Headlines from around the country paused on Minneapolis early this month when a federal immigration agent shot and killed Renee Good, a 37-year-old protester, during a heightened enforcement operation. The story spread fast because of its gravity and because Minneapolis still carries deep scars from past incidents of police violence.
That attention made sense. A woman was killed by the federal government in her own community. But the way the story was framed made it feel like an exception, a shocking break from the norm. It wasn’t. It was one moment in a long stretch of aggressive enforcement that has contributed to harm, as we were painfully reminded this past weekend, when that tension reached another breaking point.
Alex Jeffrey Pretti was shot and killed during protests that grew directly out of Good’s death. His killing came from months of escalating confrontations between federal agents and the communities they were policing. By the time Pretti was killed, the situation had reached a deadly, no-win level where the presence of enforcement itself seems to guarantee violence.

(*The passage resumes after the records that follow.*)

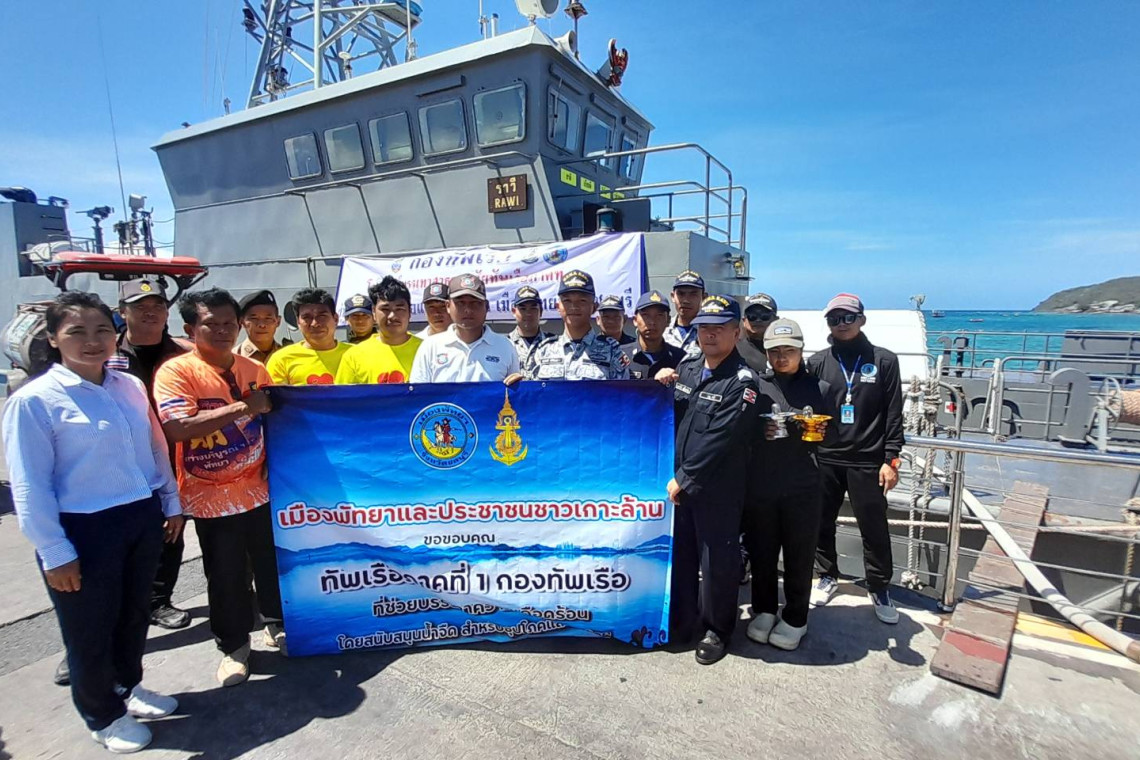 เมืองพัทยา ประสานทัพเรือภาคที่ 1 จัดส่งน้ำอุปโภค-บริโภคกว่า 1.5 แสนลิตร ส่งตรงถึงท่าหน้าบ้านเกาะล้าน
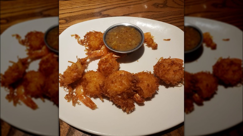 The subtle, tropical sweetness of coconut flakes should be enough to accentuate shrimp's natural flavor, but it seems Outback doesn't think so. The chain's Gold Coast coconut shrimp are absolutely loaded with sugar, so much so that biting into each little morsel feels like sampling snacks from a candy shop. Usually, your taste buds aren't prepared to chow down on a dessert-like treat before dinner has even started, making this sugar-laden appetizer feel like an assault on the senses. Granted, the coconut shrimp's coating is flaky and toasted well, but this does nothing to overshadow the tumultuous tidal wave of syrupy sweetness.
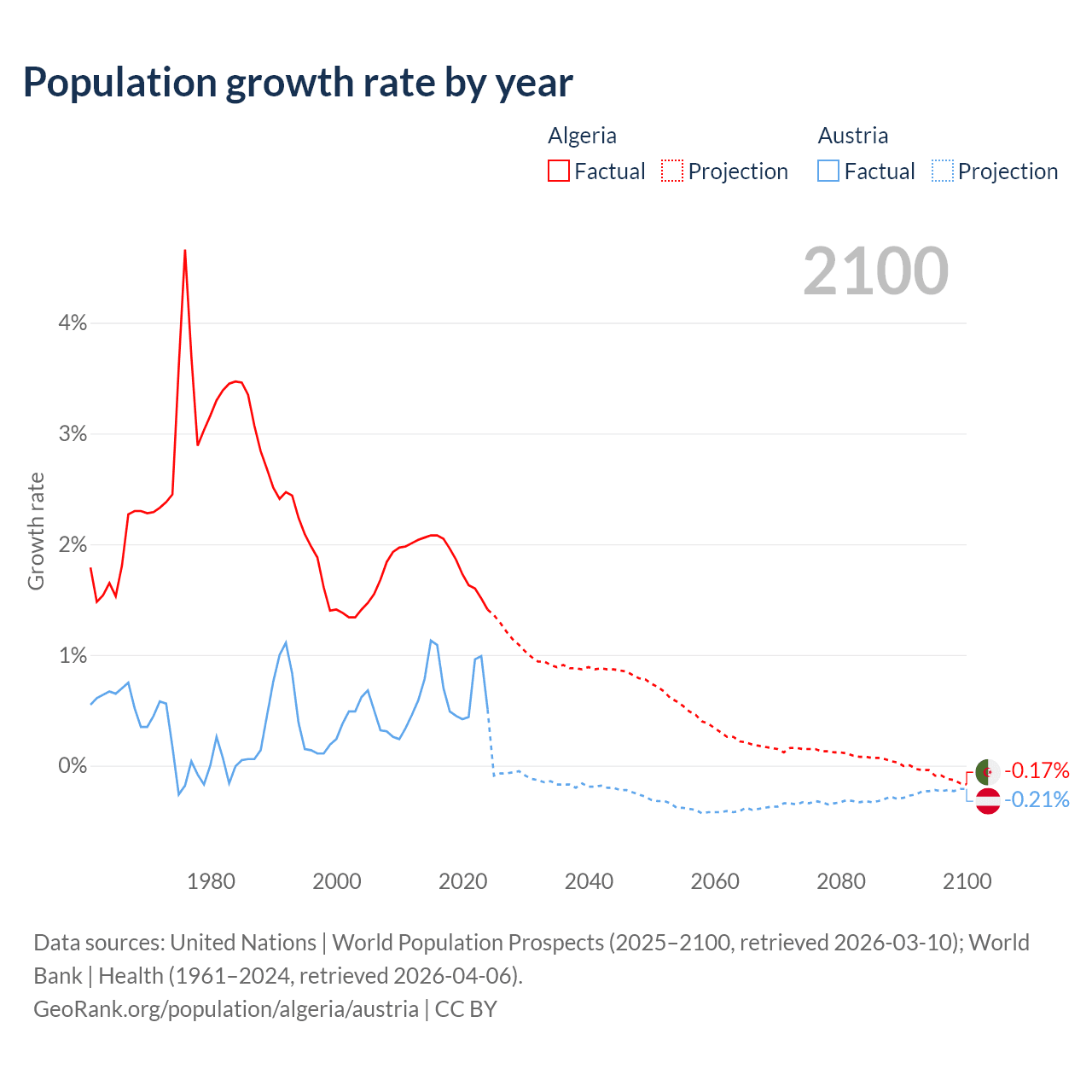 - For the last 10 years, Algeria has had an average growth rate of +1.81% per year vs +0.72% in Austria.
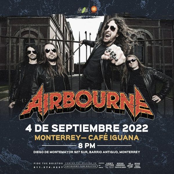 La banda de hard rock Airbourne visita Monterrey y estará presentando su show en Café Iguana. Originarios de Warrnambool, Victoria, Australia, esta banda editó su primer EP en 2004, con el título de Ready to Rock, después de conseguir una consolidada popularidad en su ciudad de origen debido a sus numerosos conciertos en los locales de la zona.
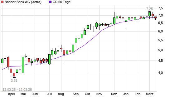 Mit dem Rücksetzer auf 6,75 EUR hat die Baader Bank-Aktie am 11.03.2026 die 50-Tage-Linie nach unten gekreuzt.
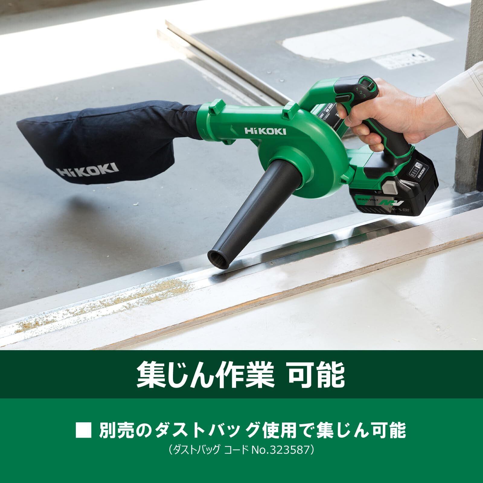 HiKOKI(ハイコーキ) 14.4V 18V 兼用 充電式 ブロワ 大風量 低振動 風量3段切替+無段変速スイッチ 蓄電池・充電器別売り RB18DC(NN) グリーン|ブラック | BASE SHOP
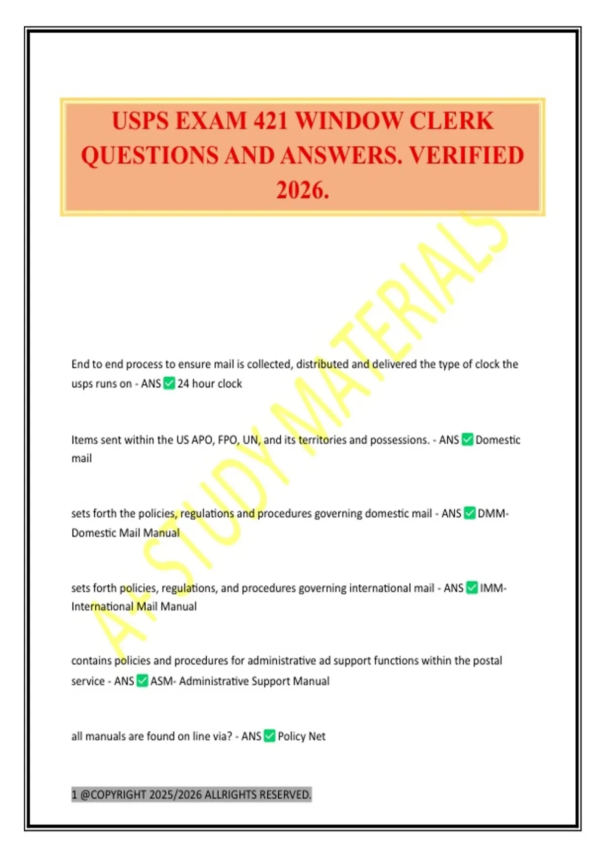 USPS EXAM 421 WINDOW CLERK QUESTIONS AND ANSWERS. VERIFIED 2026.

For months now, ICE has operated with unnecessary force with raids that turn neighborhoods into zones of fear and armed agents showing up at homes and workplaces. The shootings only forced people to look at something that had already been happening in plain sight.
These operations have relied on intimidation as much as enforcement when people are met with weapons and agents who don’t answer questions. Even when no one is killed, the message is clear: compliance is demanded through fear.
What makes this harder to ignore is how routine it seems to have become. Each incident is treated as separate and small enough to move past. However, when these incidents are viewed as part of the same sweep of enforcement, they show a pattern of violence that appears to have been normalized because it targets immigrants.
Minneapolis should be seen as a clear example of a trend, not a lonely headline.
When an agency operates for months with this level of force, harm is not accidental. It is built into the system, and choosing to look away is choosing to accept that this kind of violence is an acceptable cost.